# Study material
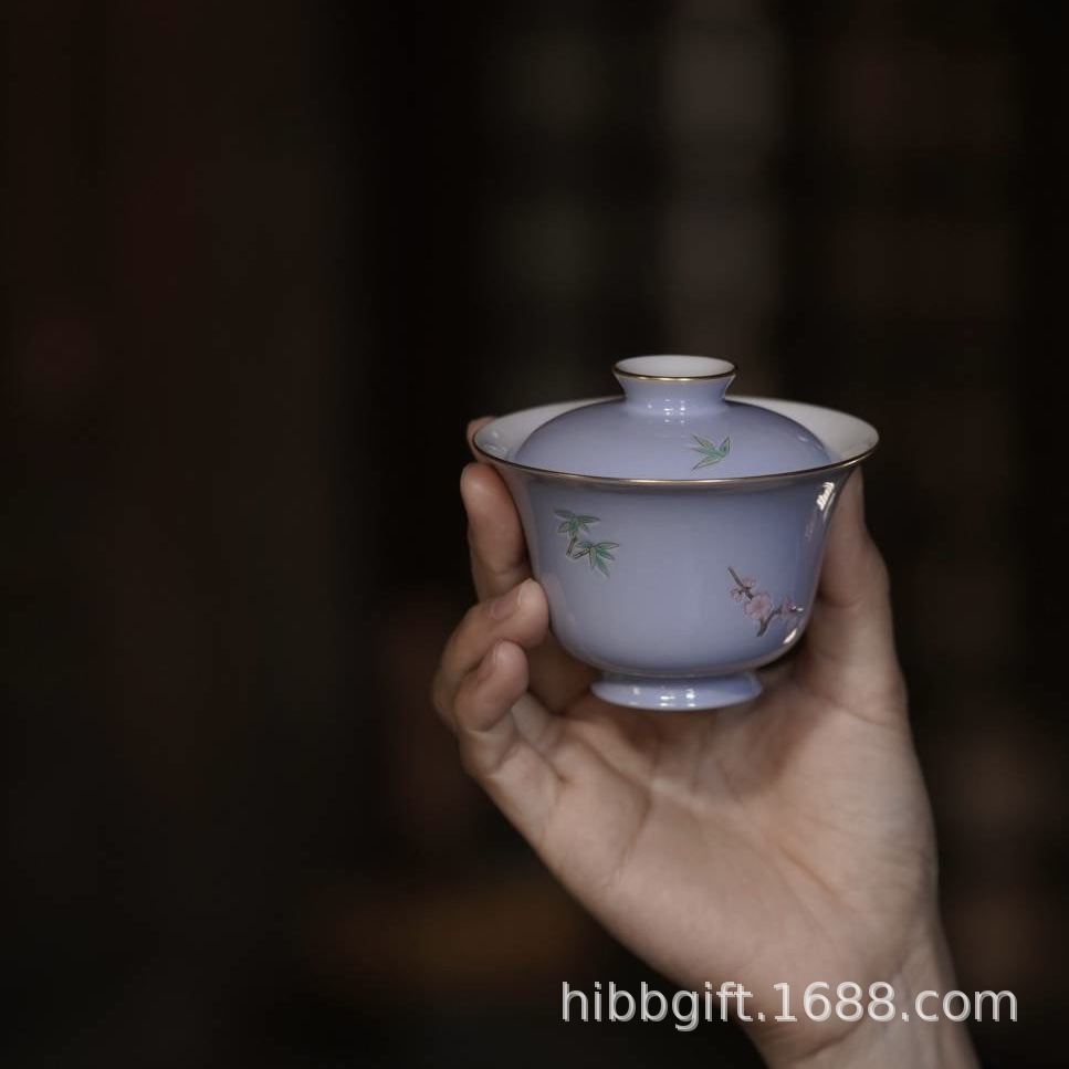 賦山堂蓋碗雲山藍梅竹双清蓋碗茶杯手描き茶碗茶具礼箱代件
* * *
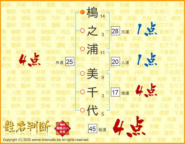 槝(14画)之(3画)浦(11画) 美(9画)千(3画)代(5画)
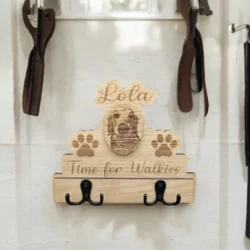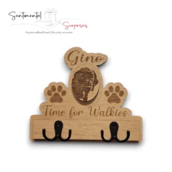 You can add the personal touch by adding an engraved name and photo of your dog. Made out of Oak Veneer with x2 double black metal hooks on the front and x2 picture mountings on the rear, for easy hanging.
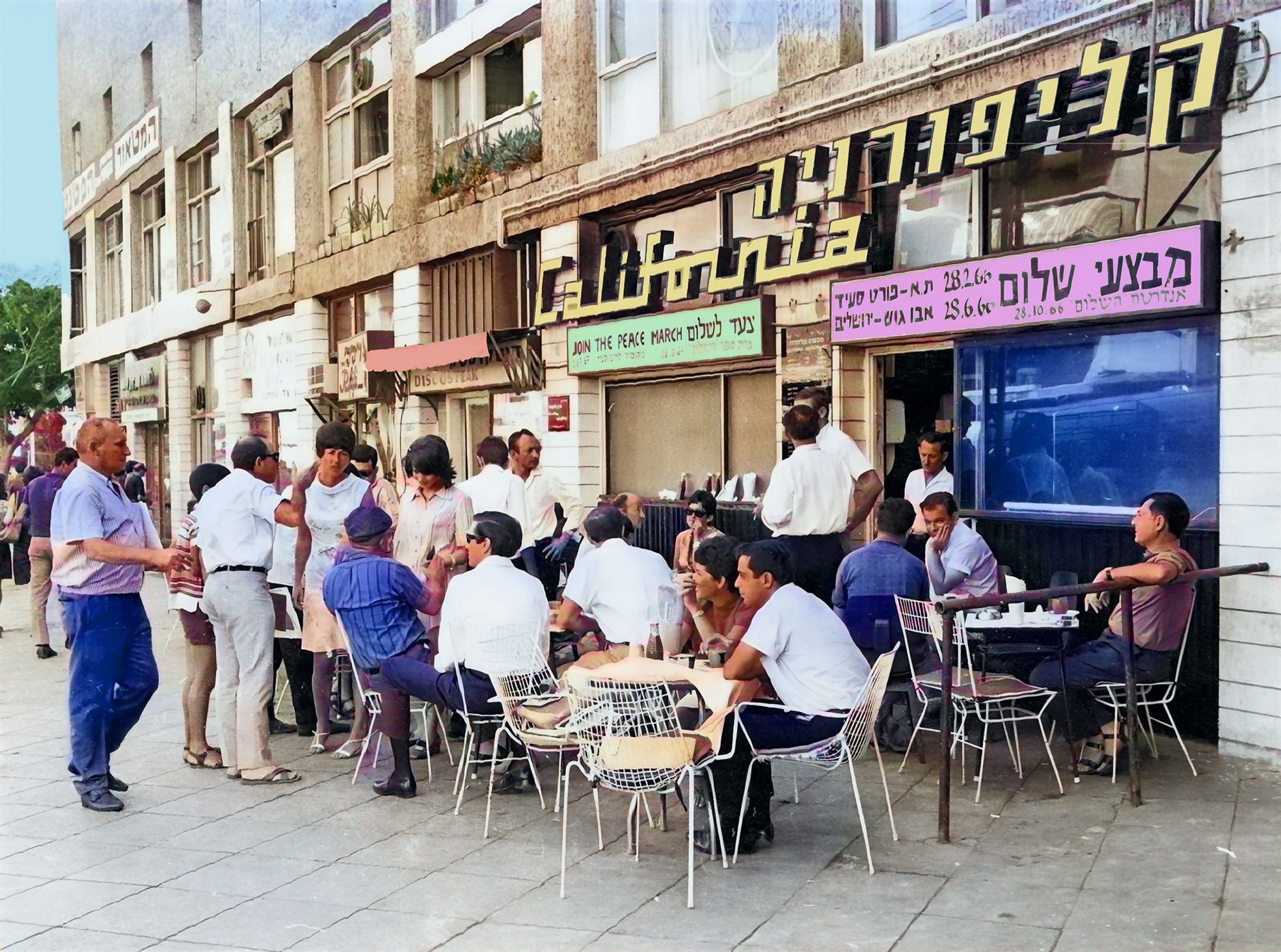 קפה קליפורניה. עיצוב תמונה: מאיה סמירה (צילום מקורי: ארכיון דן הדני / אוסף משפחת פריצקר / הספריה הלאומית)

# What the exercise asks
What are the lines above from the one with "You can add" to the one with "קפה קליפורניה. עיצוב", both included? Reproduce them exactly, without pictures.

# Answer space
 You can add the personal touch by adding an engraved name and photo of your dog. Made out of Oak Veneer with x2 double black metal hooks on the front and x2 picture mountings on the rear, for easy hanging.
 קפה קליפורניה. עיצוב תמונה: מאיה סמירה (צילום מקורי: ארכיון דן הדני / אוסף משפחת פריצקר / הספריה הלאומית)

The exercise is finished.